FIG. 8 is an explanatory diagram illustrating an example of clustering process of blocks having sizes being different from the macroblocks based on the in-image prediction mode by the image analyzing unit of the image encoding apparatus according to the second embodiment of the present invention. Here, an example of selection of the cluster will be explained in a case where the in-screen prediction cost is equal to or less than the threshold value TH_INTRA and the 4×4 in-screen prediction mode is used. In the figure, the left drawing illustrates correspondence between the referencing direction of pixels and the mode number in the 4×4 in-screen prediction mode. The right drawing illustrates a case where the 16×16 macroblock (large block) is divided into, for instance, sixteen 4×4 blocks (small block) consisting of four blocks vertically and horizontally; and the in-screen prediction mode is described in the uppermost and leftmost 4×4 blocks. Arrows at the block boundary represents referencing direction of the pixels corresponding to the prediction mode illustrated in the left drawing. The mode 2 is, similarly to the 16×16 in-screen prediction, the DC prediction to calculate the prediction pixel from the average value of the surrounding pixels, and the referencing direction is deemed to be the same with the mode 4 in the second embodiment of the present invention. It is assumed that the 4×4 in-screen prediction mode in the figure is made by demultiplexing the additional information encoded data from the encoded stream by the demultiplexing unit 21a and decoding the additional information encoded data by the additional information decoding unit 22 for the macroblock.
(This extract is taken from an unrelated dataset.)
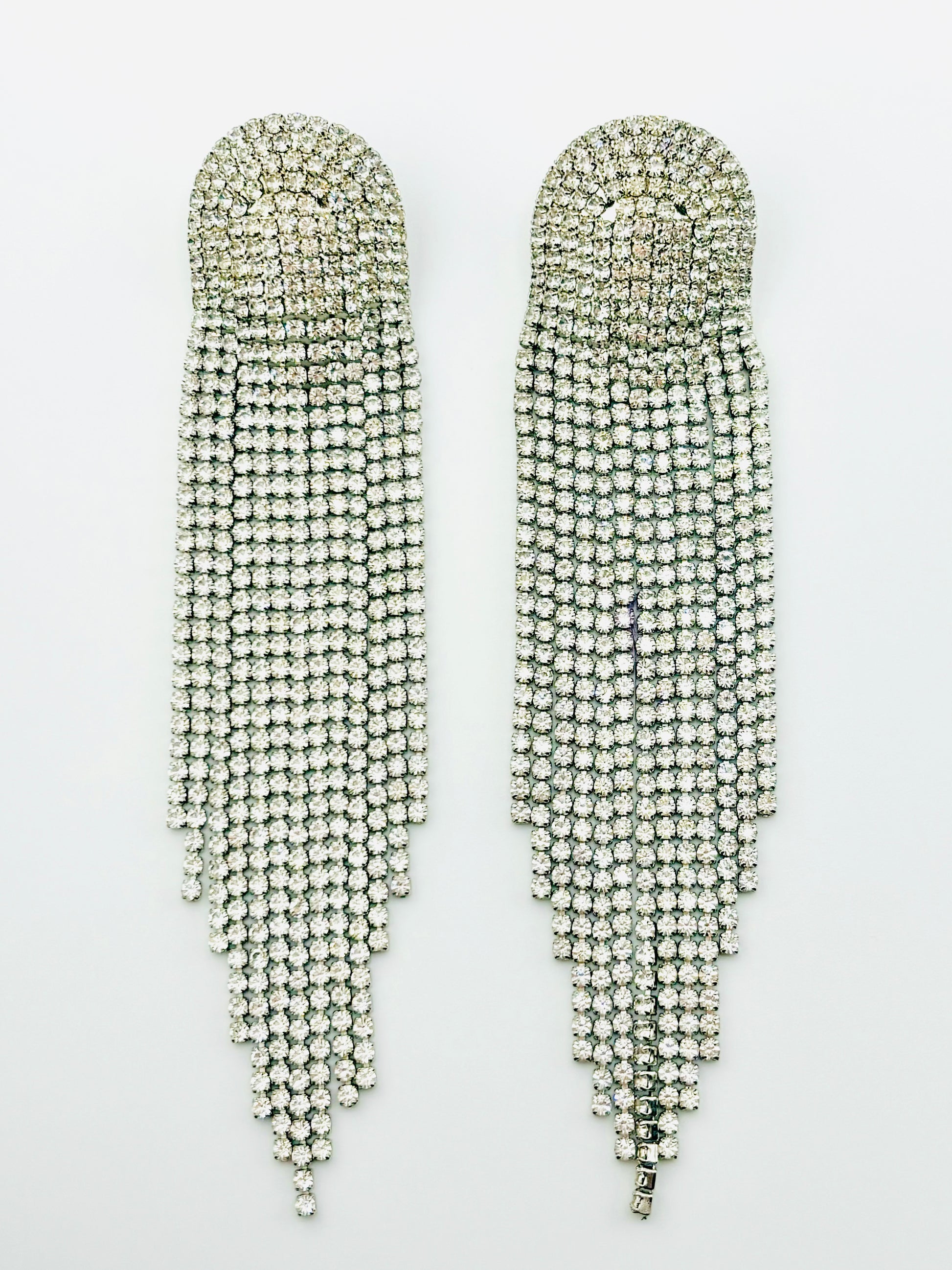 Elegant silver drop earrings featuring precision-set rhinestones that capture and reflect light with exceptional brilliance. The Catalina design offers sophisticated movement and versatility, transitioning seamlessly from daytime professional settings to evening occasions. Crafted with attention to detail for optimal weight distribution and comfort.

The encoded block size is described in the macroblock type information included in the additional information as the information essential for decoding.
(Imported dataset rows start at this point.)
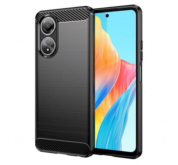 Szilikon telefonvédő (ütésállóság, légpárnás sarok, szálcsiszolt, karbon minta) FEKETE
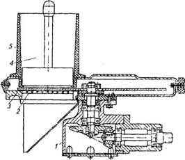 1- редуктор, 2- платформа, 3- съемный резервуар, 4- крышка- решетка, 5- месильные лопасти
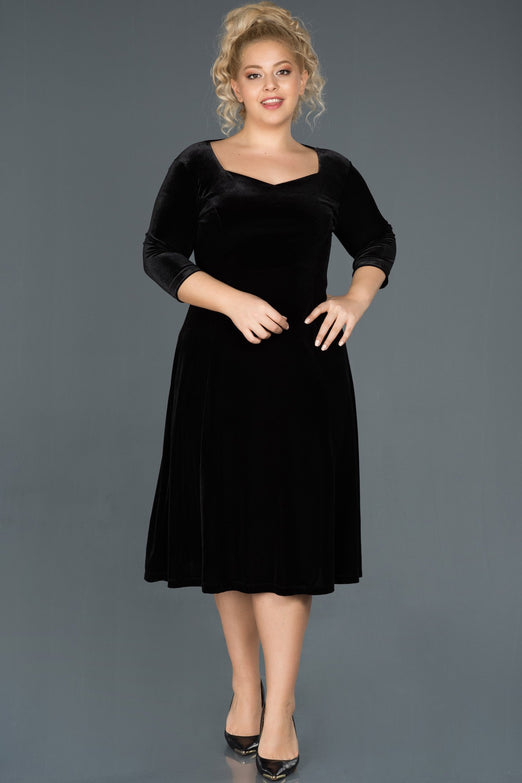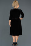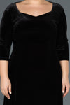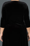 Black, 3/4 Sleeves, Plain Colour, Velvet, Midi Dress, A-Line Dress

Here, the 16×16 macroblock is set to the same cluster with the one including pixels referenced by many 4×4 blocks in the direction of, for instance, the prediction mode of the uppermost and leftmost seven 4×4 blocks. In this example, since the prediction from the macroblock being adjacent to the top is many, the cluster of the macroblock is set to the same cluster of the upper macroblock.
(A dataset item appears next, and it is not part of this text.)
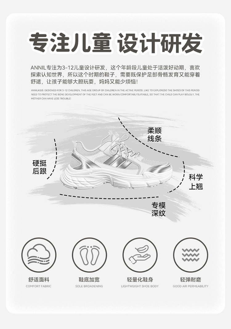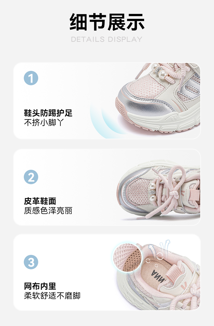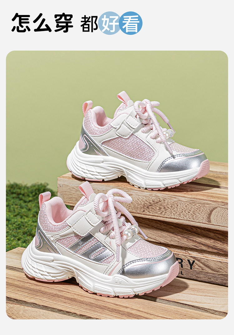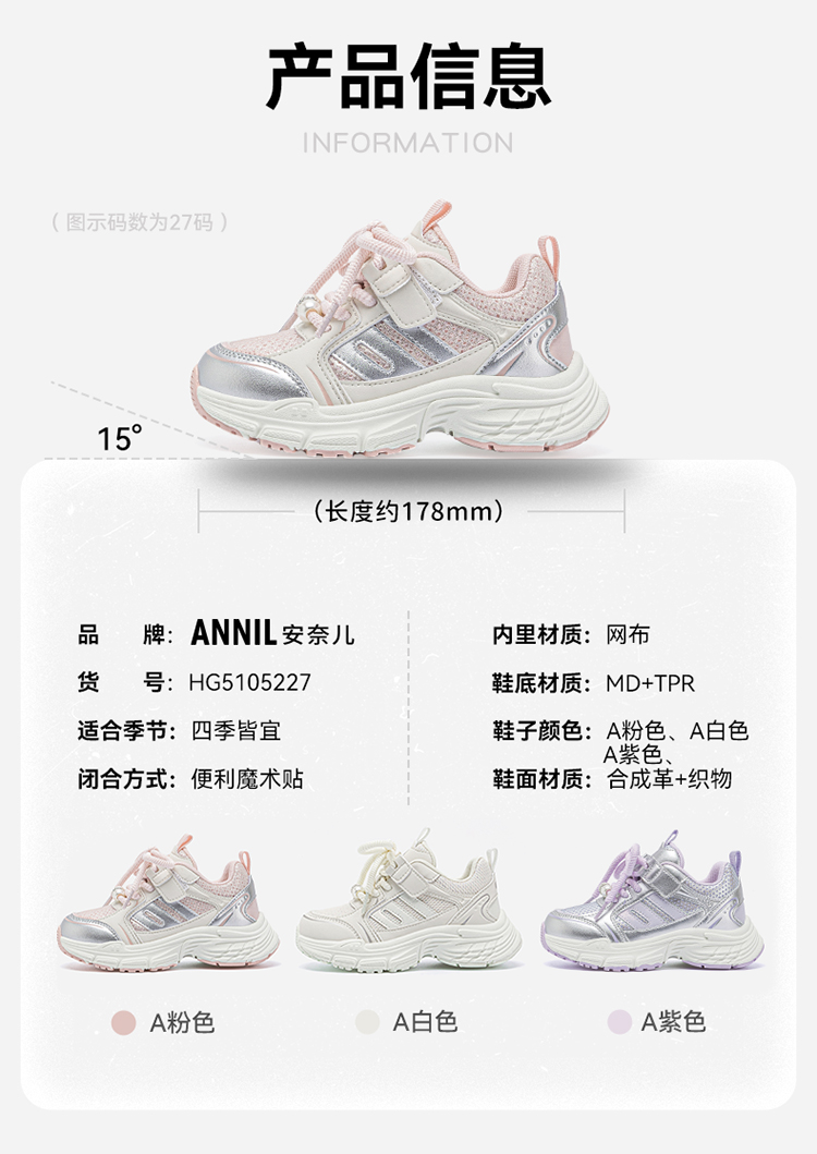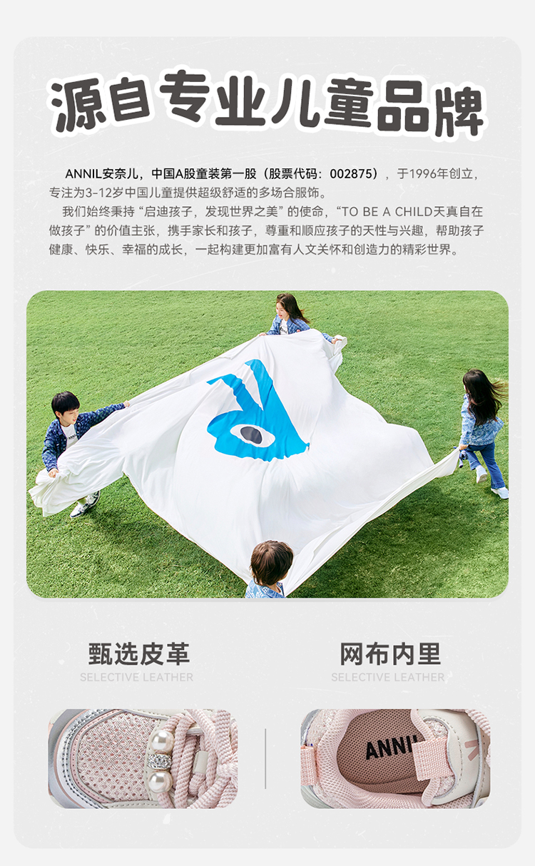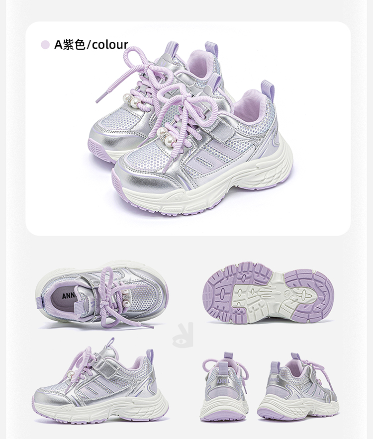 ANNIL/安奈儿女童鞋2025春季新款儿童老爹鞋宝宝厚底网面透气女孩运动鞋HG5105227
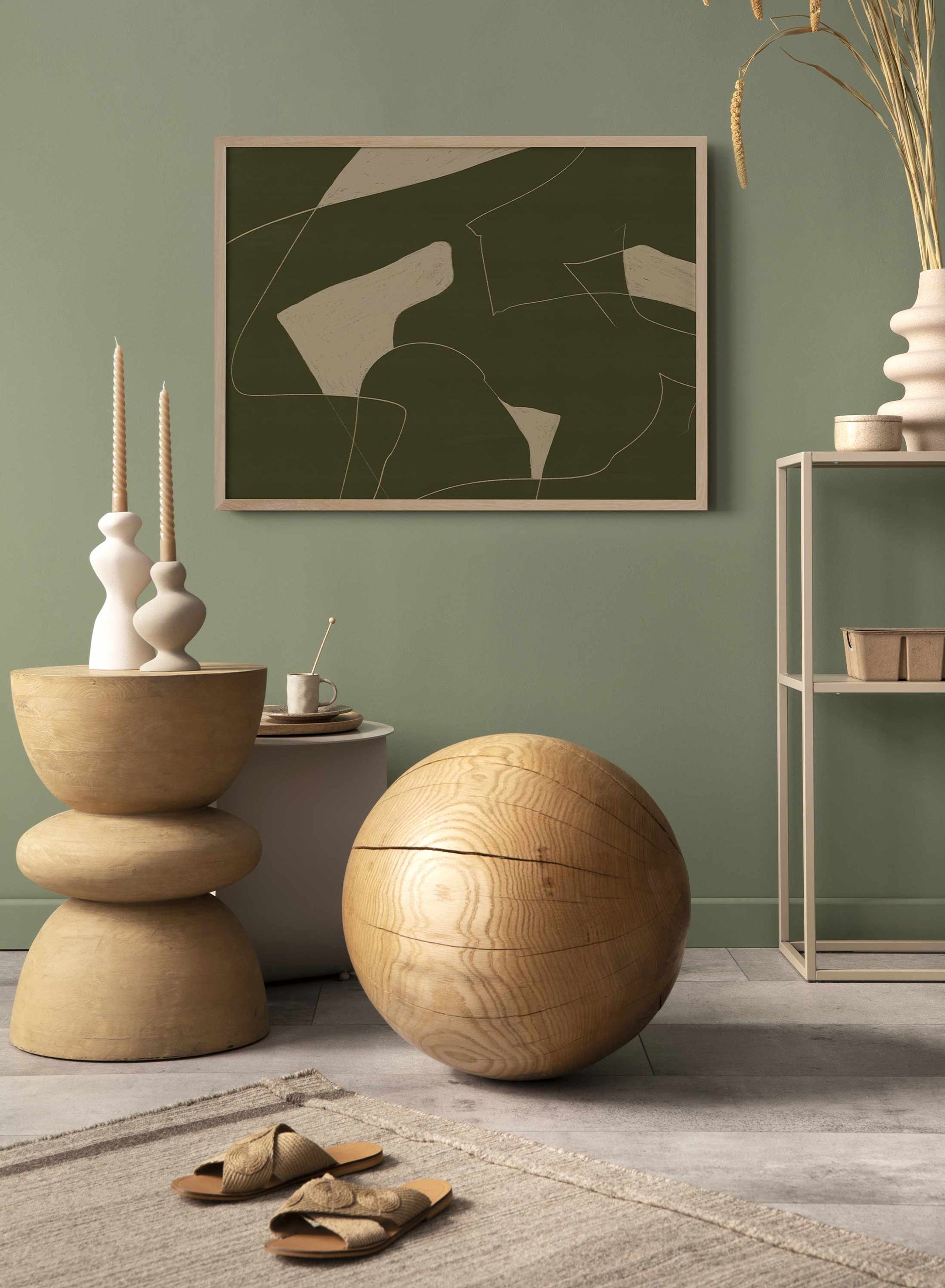 Experience how nature comes alive in abstract art! The 'Detour' poster features a stylish design with rich greens framed by white borders on a light beige background. The horizontal format of this contemporary art print is the perfect addition to your living room or bedroom.

FIG. 9 is a flowchart illustrating an example of the clustering process based on the inter-image prediction mode by the image analyzing unit of the image encoding apparatus according to the second embodiment of the present invention. Here, the clustering process is carried out using the reference image information, the motion vector, and the inter-image prediction cost.

The image analyzing unit 23 discriminates, in each macroblock, among the inter-screen prediction additional information, whether or not the inter-screen prediction cost is equal to or less than the threshold value TH_INTER (at step ST25).

If the in-screen prediction cost is equal to or less than the threshold value TH_INTER (Yes), the current macroblock is set to the cluster being the same with the cluster of the reference image indicated by the motion vector (at step ST26). On the contrary, if the inter-screen prediction cost is not equal to or less than the threshold value TH_INTER (No), the current macroblock is set to a new cluster being different from the cluster of the reference image indicated by the motion vector (at step ST27).

The process from step ST25 to step ST27 will be repeated until the processing of the final macroblock is completed (at step ST28).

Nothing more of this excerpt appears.